When we talk about the patriarchy which is reflected in our legal system, as well as the preference given to the father with respect to guardianship of the child, it is important to consider Gita Hariharan VRBI (1999) 2 SCC 228.
In this case, the constitutional validity of Section 6(a) was challenged as violating the guarantee of equality of sexes under Article 14 of the Constitution of India. The Supreme Court considered the import of the word ‘after’ and examined whether, as per the scheme of the statute, the mother was disentitled from being a natural guardian during the lifetime of the father. The Court observed that the term ‘after’ must be interpreted in light of the principle that the welfare of the minor is the paramount consideration and the constitutional mandate of equality between men and women. The Court held the term ‘after’ in Section 6(a) should not be interpreted to mean ‘after the lifetime of the father,’ but rather that it should be taken to mean ‘in the absence of the father.’ The Court further specified that ‘absence’ could be understood as “temporary or otherwise or total apathy of the father towards the child or even inability of the father by reason of ailment or otherwise.”
The father continues to have a preferential position when it comes to natural guardianship and the mother becomes a natural guardian only in exceptional circumstances, as the Supreme Court explained
Thus, even if a mother has custody of the minor since birth and has been exclusively responsible for the care of the minor, the father can, at any time, claim custody on the basis of his superior guardianship rights.
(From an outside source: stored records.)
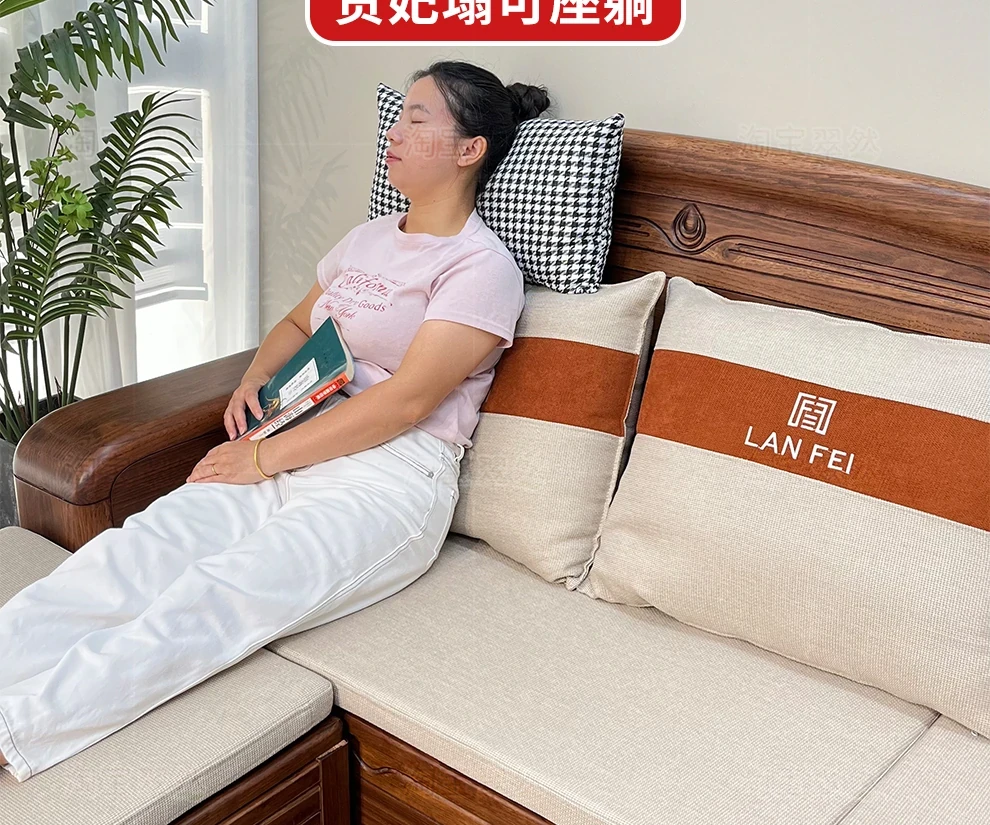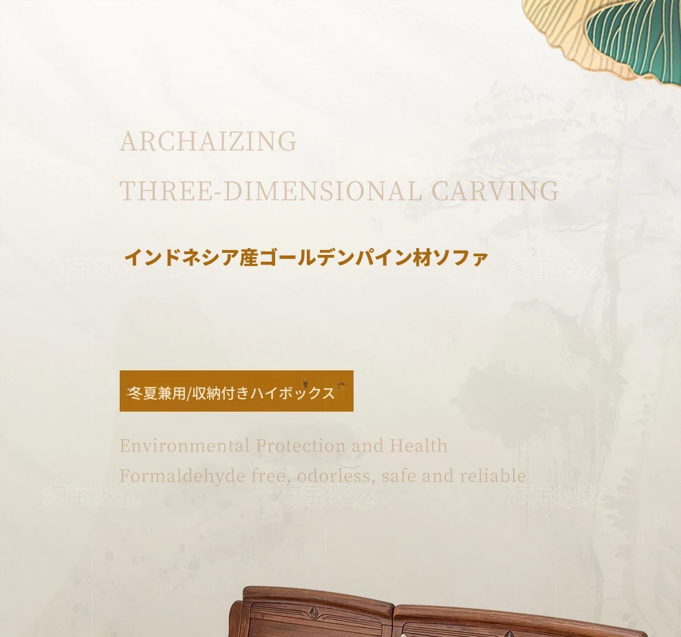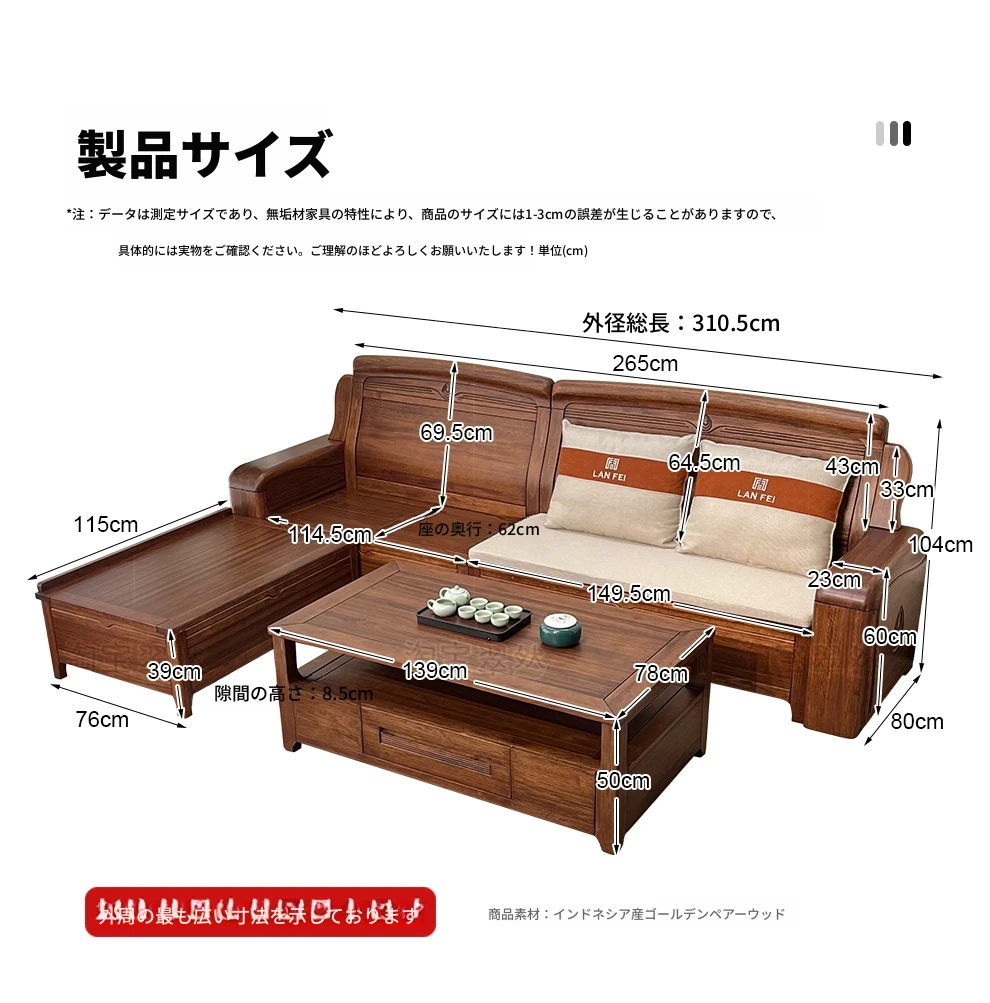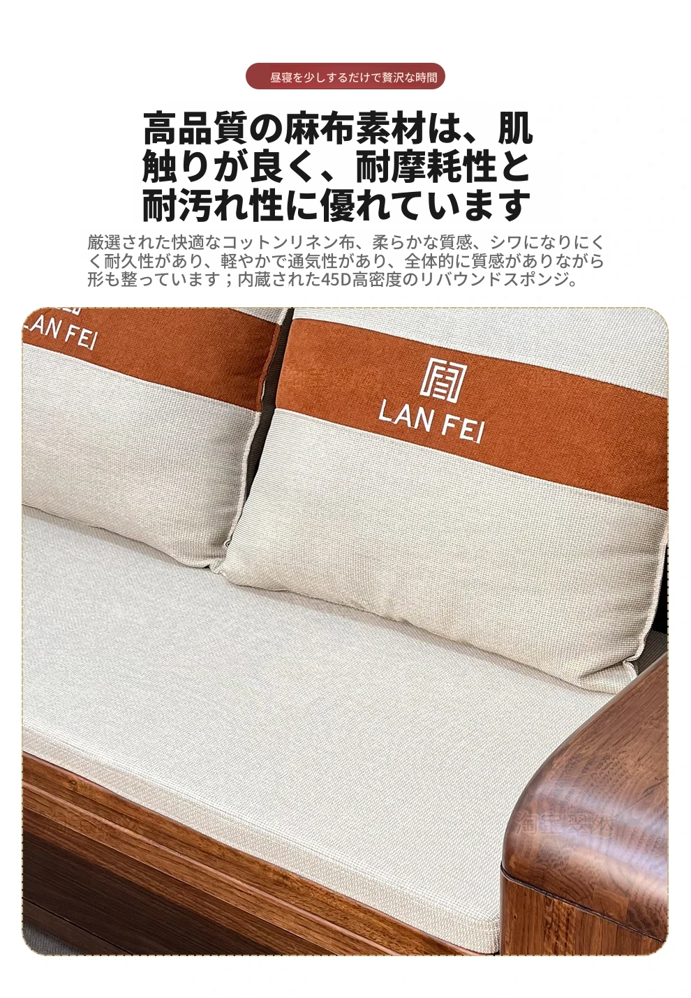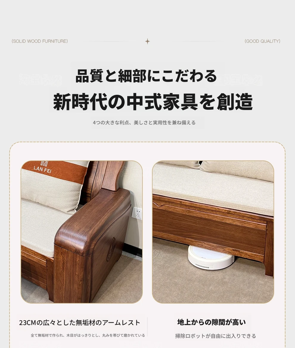 冬夏兼用の貴妃椅子付き、収納力抜群の五人掛けゴールドナシの無垢材ソファセット!小型リビングにもぴったりな中華風家具で、心地良い空間を演出します。
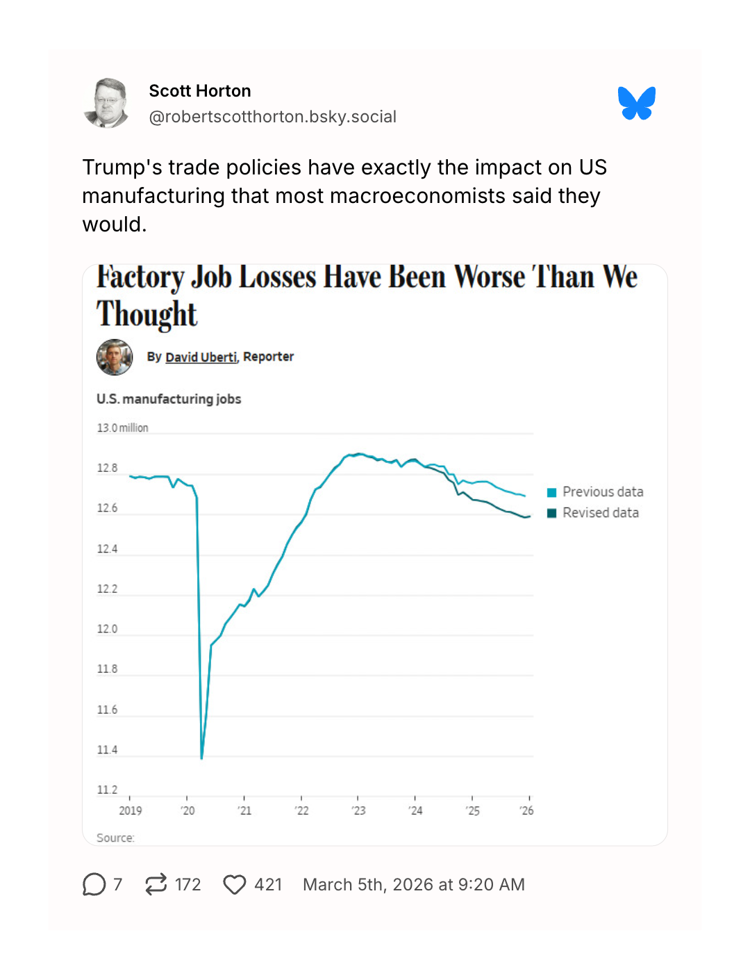 At the beginning of every year, the government revises the prior year's employment data to reflect population changes. The most recent revision revealed that Trump's promised manufacturing revival was even more of an un-revival than previously understood.
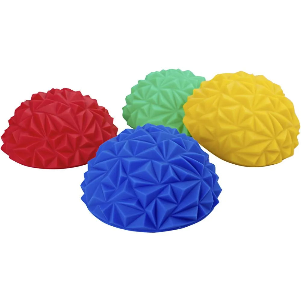 Halvkuglerne pumpes op med en pumpe til bolde, og så kan du selv justere, hvor hårde og dermed svære at stå på, de skal være. De er en sjov del af en forhindringsbane, og det kan også sagtens være en del af et matematikforløb at skulle balancere på balancekugler.Mon ikke du er kreativ nok til at udtænke en måde, hvorpå tal og balance kan kombineres, så kroppen og hjernen skal samarbejde?Kuglerne er fremstillet af PVC.Pumpe medfølger ikke.
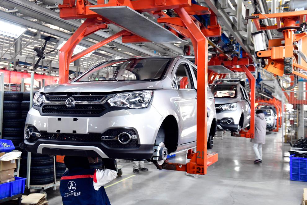 2024年1月12日,在日照鸿日新能源汽车有限公司,工作人员在整车生产线上忙碌。新华社记者 郭绪雷 摄

Gita Hariharan, therefore, does not adequately address the original problem in Section 6(a) of the Hindu Minority and Guardianship Act (HMGA), 1956.
Attention must also be given to sections 6[c] of the HMGA and section 19[a] of the Guardians and Wards act, 1890. which, though unrelated to this case, are very vexed provisions, making the husband of a married girl her guardian, reinforcing the notion of women as property of men, for whose care and maintenance, the husband has to be responsible, questioning her capacity to maintain herself.
In conclusion, the Supreme Court has to be commended in interpreting the law to uphold the principle of welfare of the child being paramount and protecting the privacy of an unwed mother. It is important to note that the court has not dealt categorically with the question of an unwed mother’s right to guardianship over her child. An initiative to uphold the same would have indeed made this a landmark decision. However, since the father was not a party in this case, there was no opposition to her claim for guardianship and hence this was an aspect which was ignored by the court. The Supreme court has in recent times exhibited a holistic and liberal approach in dealing with issues related to women, but this was once occasion on which it decided to do just about enough, good, but within a limited, structured paradigm.
This showcases how the clash against perceptions, notions, structures and institutions which help to internalize and propagate patriarchy is an extensive one.